Branch protection blocked the push. The dev branch requires PR reviews, so github-actions[bot] couldn't push directly. I created a Personal Access Token (SNAPSHOT_PAT) with repo write permissions:
- uses: actions/checkout@v4
with:
token: ${{ secrets.SNAPSHOT_PAT }}
Then: infinite CI loops. The snapshot commit triggered the pipeline, which generated the same snapshots, committed, triggered again. Fix was two-pronged: [skip ci] in the commit message, plus path exclusions on the workflow trigger:
paths:
- '!**/Docs/Versions/**'
Any CI job that pushes commits back to the triggering branch needs both a skip mechanism and path-based exclusions. Belt and suspenders.
Iteration 2: One Dockerfile
Four separate Dockerfiles meant four independent NuGet restores, four compilations of shared libraries, four copies of the same source. I consolidated into a single multi-stage Dockerfile:
FROM mcr.microsoft.com/dotnet/sdk:9.0 AS build
COPY *.csproj files...
RUN dotnet restore my-app.sln
COPY . .
RUN dotnet build my-app.sln -c Release
FROM build AS publish-admin
RUN dotnet publish MyApp.Admin.Api/... --no-restore --no-build
FROM build AS publish-auth
RUN dotnet publish MyApp.Auth.Api/... --no-restore --no-build
# ... same for landlord, tenant
FROM base AS final-admin
COPY --from=publish-admin /app/publish .
dotnet build compiles the entire solution once. Each publish-* stage branches from build and uses --no-build, so it's just packaging: copying compiled DLLs to the publish output. No redundant compilation.
Nothing broke structurally. But it introduced a sequencing problem I didn't see coming.

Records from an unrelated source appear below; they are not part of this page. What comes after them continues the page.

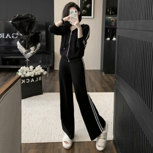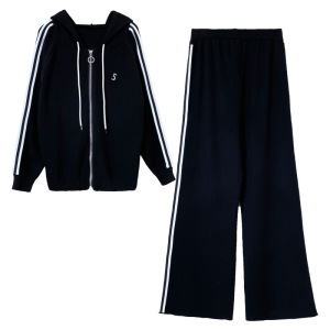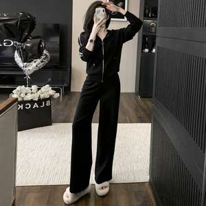 黑色运动连帽套装女装秋冬新款长袖拉链数字外套阔腿裤两件套
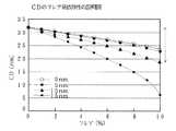 図7は寸法CDのフレア量依存性の説明図であり、ガウシアン関数の標準偏差(σ)を変数とした場合の計算結果を示したものである。ここでは、σ=0nm、5nm、10nm、15nmの4つの場合を示している。 FIG. 7 is an explanatory diagram of the flare amount dependency of the dimension CD, and shows the calculation result when the standard deviation (σ) of the Gaussian function is used as a variable. Here, four cases of σ = 0 nm, 5 nm, 10 nm, and 15 nm are shown.
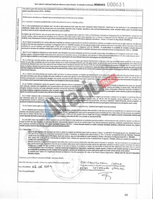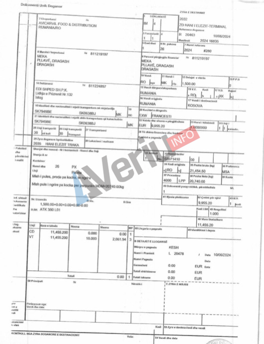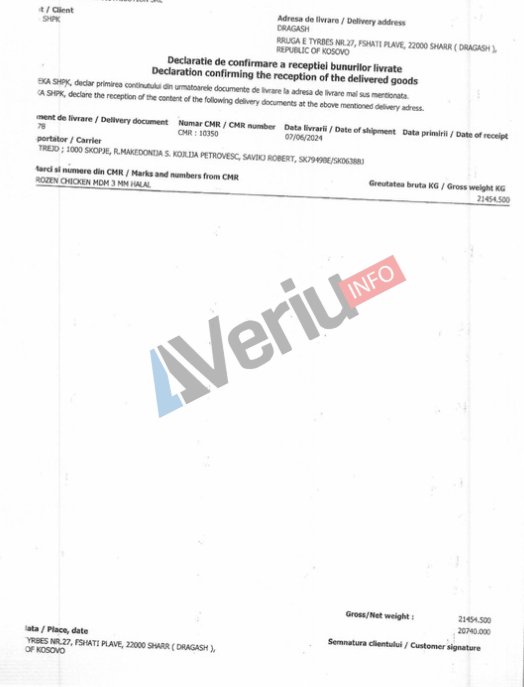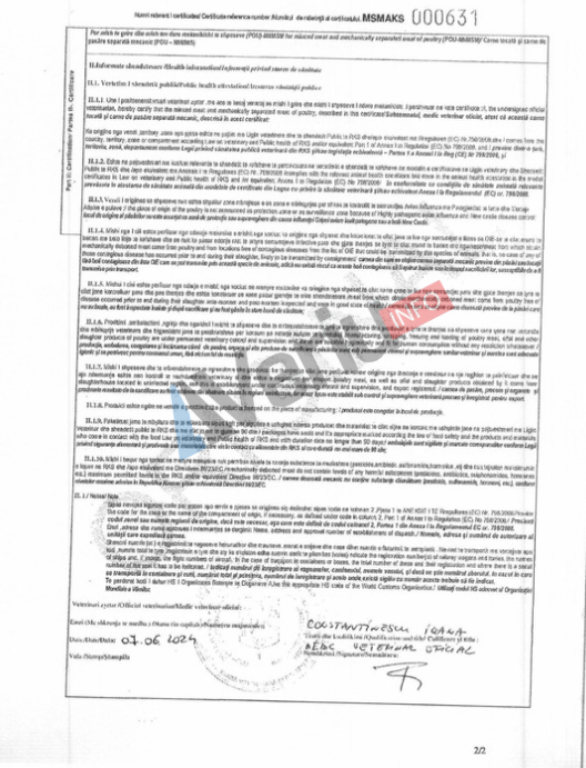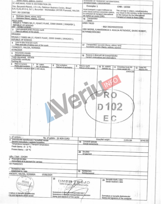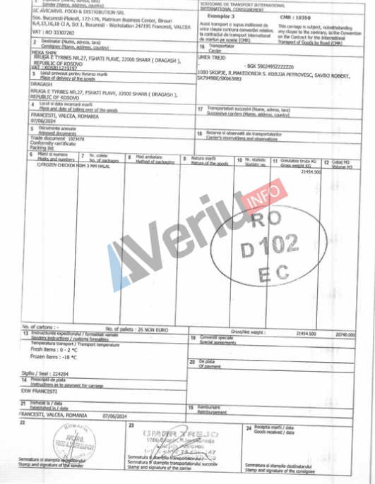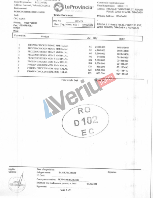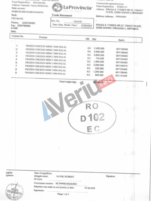 Në bazë të dokumentacionit të siguruar nga AUV, bëhet e ditur se ky mish nga MEKA është importuar nga Rumania, më saktësisht nga kompania “SC Avicarvil Food & Distribution SRL”, pronari i së cilës në Rumani vite më parë kishte pasur skandal me mish të infektuar dhe madje edhe me evazion fiskal.

Iteration 3: The Sequential Build Regression
One Dockerfile meant I couldn't run separate Docker build jobs targeting different files anymore. And building all four services in one job meant they ran sequentially.
The pipeline that used to take max(build times) ≈ 1.5 minutes now took sum(build times) ≈ 8–9 minutes. Total pipeline time: 12 minutes 42 seconds.

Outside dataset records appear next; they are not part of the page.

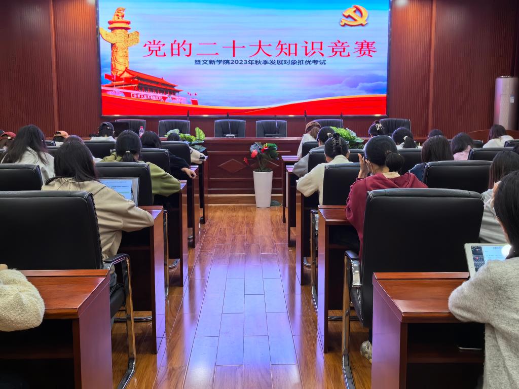 为深入落实并贯彻落实党的二十大精神,积极探索“互联网+党建”的新模式,进一步提升入党积极分子的理论知识能力水平,10月19日19时,“党的二十大知识竞赛暨文新学院2023年秋季发展对象推优考试”于伟德官网金盆岭校区九号教学楼218室成功举行。
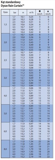 - Dysze Rain CurtainTM o standardowym kącie: 25
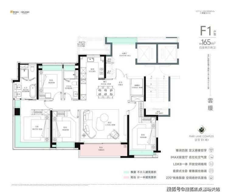 建面约165㎡的“公园头排全景舱”,以 类一梯一户 的尊崇仪式感、 四开间朝南 的极致采光、 LDKB一体化+IMAX级宽厅 的创新布局,打破了传统空间的界限。 超大阳台、全屋飘窗 带来了 约270°环幕视野 ,将公园盛景尽收眼底。 主卫双台盆、N+1百变空间 等设计,更是赋予了生活无限的可能与从容。
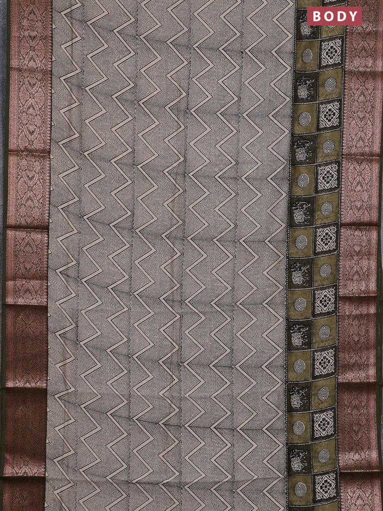 Chanderi silk cotton saree dark mustard and brown with allover zig zag prints and banarasi style border
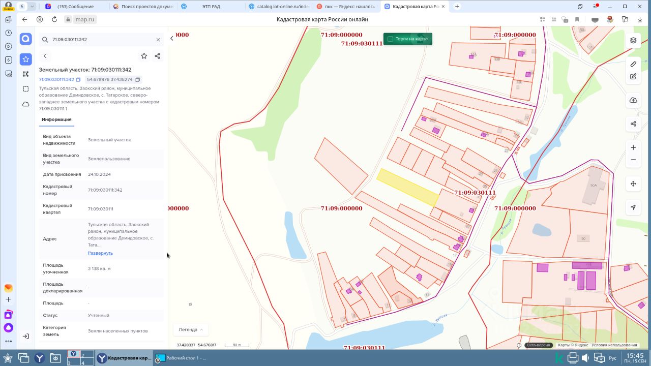 право заключения договора аренды земельного участка из земель населенных пунктов с кадастровым номером 71:09:030111:342, площадь 3138 кв. м, местоположение: Российская Федерация, Тульская область, Заокский район, муниципальное образование Демидовское, с. Татарское, северо — западнее земельного участка с кадастровым номером 71:09:030111:1, вид разрешенного использования: для ведения личного подсобного хозяйства (приусадебный земельный участок).

I'd made things worse. Consolidating Dockerfiles for maintainability is fine, but you have to preserve parallelism at the CI layer. One Dockerfile doesn't have to mean one job.
Iteration 4: Anchor + Parallel Remaining
I needed parallel Docker builds from a single Dockerfile. The problem: Docker registry cache. If all four services build simultaneously on separate runners, the first one to finish writes the shared cache layers. But the others are already running; they can't read cache that hasn't been pushed yet.

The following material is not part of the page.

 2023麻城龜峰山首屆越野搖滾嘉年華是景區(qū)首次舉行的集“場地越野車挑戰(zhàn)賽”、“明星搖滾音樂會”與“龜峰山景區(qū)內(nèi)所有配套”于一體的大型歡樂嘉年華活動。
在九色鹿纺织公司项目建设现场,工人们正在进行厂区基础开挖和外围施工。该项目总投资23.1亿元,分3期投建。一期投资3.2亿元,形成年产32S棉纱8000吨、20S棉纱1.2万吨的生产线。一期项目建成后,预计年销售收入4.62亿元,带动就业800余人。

So I split the builds into phases:
- Detect changes dynamically builds a JSON matrix of which services need building
- Anchor build takes the first changed service, builds it, pushes shared layers to the registry cache
- Remaining builds run in parallel after the anchor completes, reading from the warm cache
detect-changes:
outputs:
anchor: '{"service":"admin","target":"final-admin","image":"my-app-admin"}'
remaining: '[{"service":"auth",...},{"service":"tenant",...}]'
docker-anchor:
needs: [detect-changes]
# Builds first service, warms cache
docker-remaining:
needs: [docker-anchor, detect-changes]
strategy:
matrix:
include: ${{ fromJSON(needs.detect-changes.outputs.remaining) }}
# Builds remaining services in parallel, reading warm cache
detect-changes uses dorny/paths-filter to figure out which projects changed. If shared libraries change, all services rebuild. The matrix is built dynamically in a bash step; no hardcoded service lists.
Pipeline time dropped to 6 minutes 45 seconds. The anchor takes about 4 minutes (cold or near-cold), remaining services finish in 1–2 minutes each by hitting the warm cache. When you can't parallelise everything, parallelise what you can after warming the shared state: time(anchor) + max(remaining) instead of sum(all).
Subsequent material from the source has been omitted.